Has EU merger control turned into an ever-escalating arms race between the Commission and merging parties? I believe it has. Last month the General Court handed down a decision that may further feed this arms race. Here are a few thoughts and 4 questions to think about.
Last month the General Court annulled the Commission’s 2016 decision to block the U.K. mobile network operator Three’s acquisition of rival operator O2. The appeal of this 4-to-3 merger gave the General Court a novel opportunity to determine the standard that the Commission must meet to block a transaction under the EU merger regulation’s central substantive test (the SEIC-test). The General Court used that opportunity to raise the bar for that standard, holding that the Commission failed to meet both evidentiary and substantive requirements.
Other recent examples of the Commission being reprimanded by the court over merger review decisions include the annulment of the Liberty Global/Ziggo approval decision and the annulment of the UPS/TNT Express blocking decision.
The EU member states gave the thankless task of reviewing every significant merger that takes place in the EU to the Commission. A task the Commission takes very seriously.
The Commission takes its task to review mergers very seriously and does not appreciate being slapped on the wrist by the court like this. Over the years, the Commission’s go-to response to the court’s annulment of its merger decisions has been to further tighten the screws on merging parties in subsequent merger reviews.
merging parties have responded to the Commission’s tightening of the screws by escalating their own efforts, spawning a thriving merger review consulting industry
This is perhaps best illustrated by the length and scope of its merger reviews. Under the formal review deadlines, a review should never take longer than 35+125 working days. But actual review times—from first contact with the Commission to the decision being adopted—routinely swell to two or three times that. How come?

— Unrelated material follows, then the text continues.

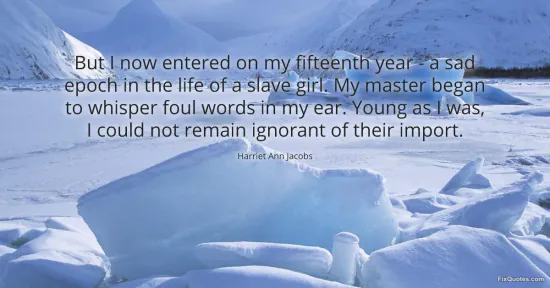 Jacobs, Harriet Ann. "But I now entered on my fifteenth year - a sad epoch in the life of a slave girl. My master began to whisper foul words in my ear. Young as I was, I could not remain ignorant of their import." FixQuotes. January 15, 2026. https://fixquotes.com/quotes/but-i-now-entered-on-my-fifteenth-year-a-sad-142461/.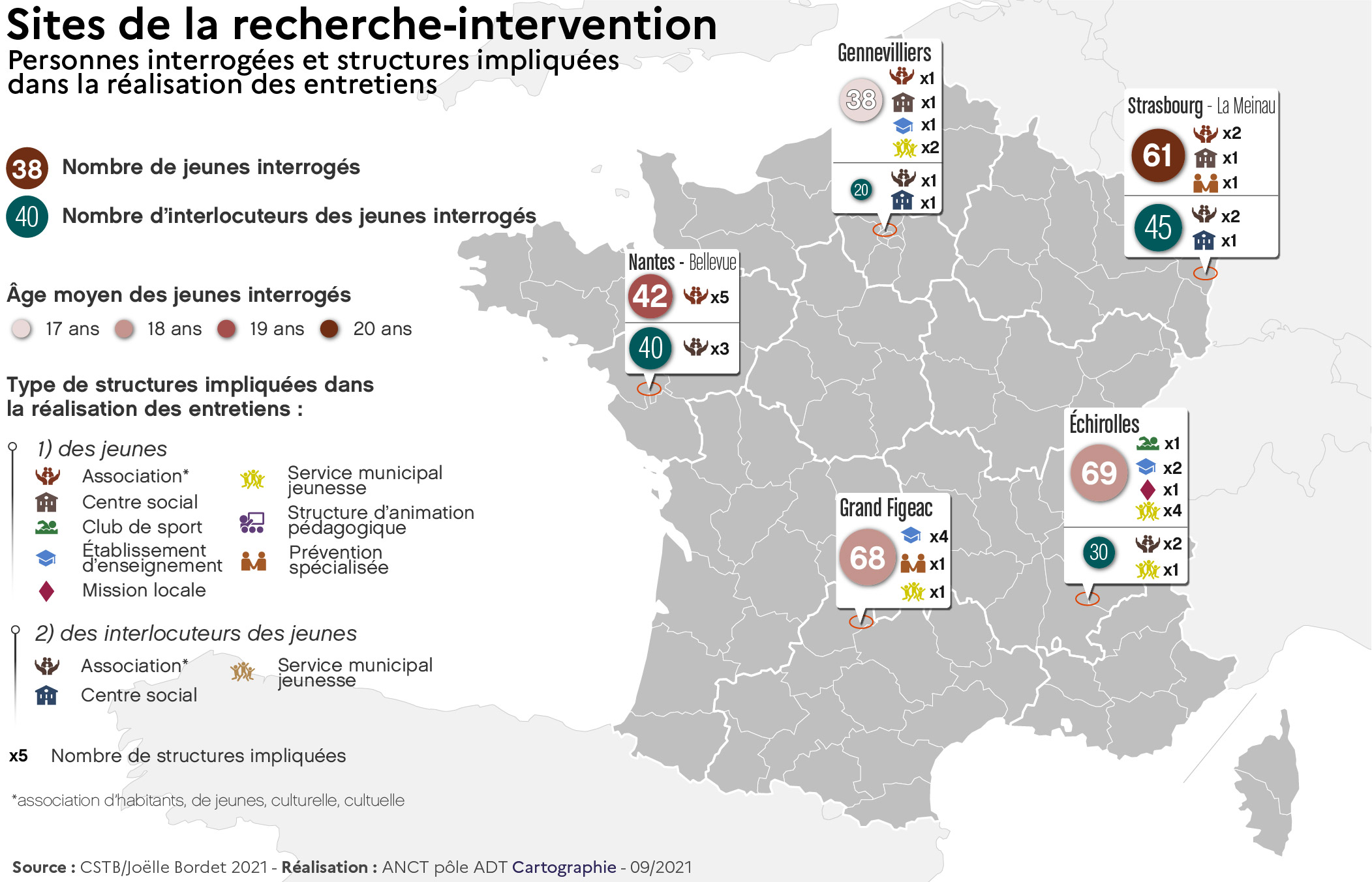 Sites de la recherche-intervention : personnes interrogées et structures impliquées dans la réalisation des entretiens sur l'esprit critique des jeunes

This happens because the Commission forces months of pre-notification discussions, coerces merging parties to “voluntarily” extend review periods, and “stops the clock” when merging parties fail to meet impossible-to-meet-deadlines for submitting information. The scope of information gathered and economic analysis conducted by the Commission in merger reviews has also grown beyond bounds of reason.* All to avoid appeals and court annulments.
In turn, merging parties have responded to the Commission’s tightening of the screws by escalating their own efforts, spawning a thriving merger review consulting industry. To get their mergers approved, merging parties deploy not only huge teams of attorneys, but also competition economists, lobbyists and data forensic technicians. These consultants—many of whom have joined the party through the revolving door from the Commission—get paid top euro to leave no stone unturned in meeting the Commission’s tighter and tighter demands, no holds barred.
This current state of European merger control can best be described as an ever-escalating arms race between two superpowers. Between one bureaucratic behemoth, the Commission, and one economic steamroller, merging parties. As I speak to other practitioners about this, many agree that there is an arms race and some point out that it has been going on for a long while. However, there seems to be fairly few broad and critical questions that are being asked about the arms race. I want to propose a few.
4 questions I propose we think about:
This arms race is clearly a boon for the consulting industry. But is it ultimately good for the EU citizens?
The General Court's message in the Three/O2 annulment ruling was clear: the Commission must find better evidence and its economic analysis must be robuster. What consequence will this have for the merger review arms race going forward?
Should, and can, the EU courts take this arms race and its consequences into consideration when assessing merger decision appeals?
What effect does the the revolving door between the Commission and the roaring consulting industry have for the arms race?
Any thoughts? Let me know on email@example.com.
* Take some of the stats of the now unblocked Three/O2 transaction as an example. The Commission’s decision in this case was adopted around 14 months after the deal was announced and amounted to a whopping 570 pages, excluding annexes. In its investigation, the Commission sent out over 500 requests for information and received over 300 000 internal documents from the merging parties. The Commission also conducted a survey of over 1 200 private customers. Since this decision was adopted in 2016, the Commission has tightened the merger review screws even further.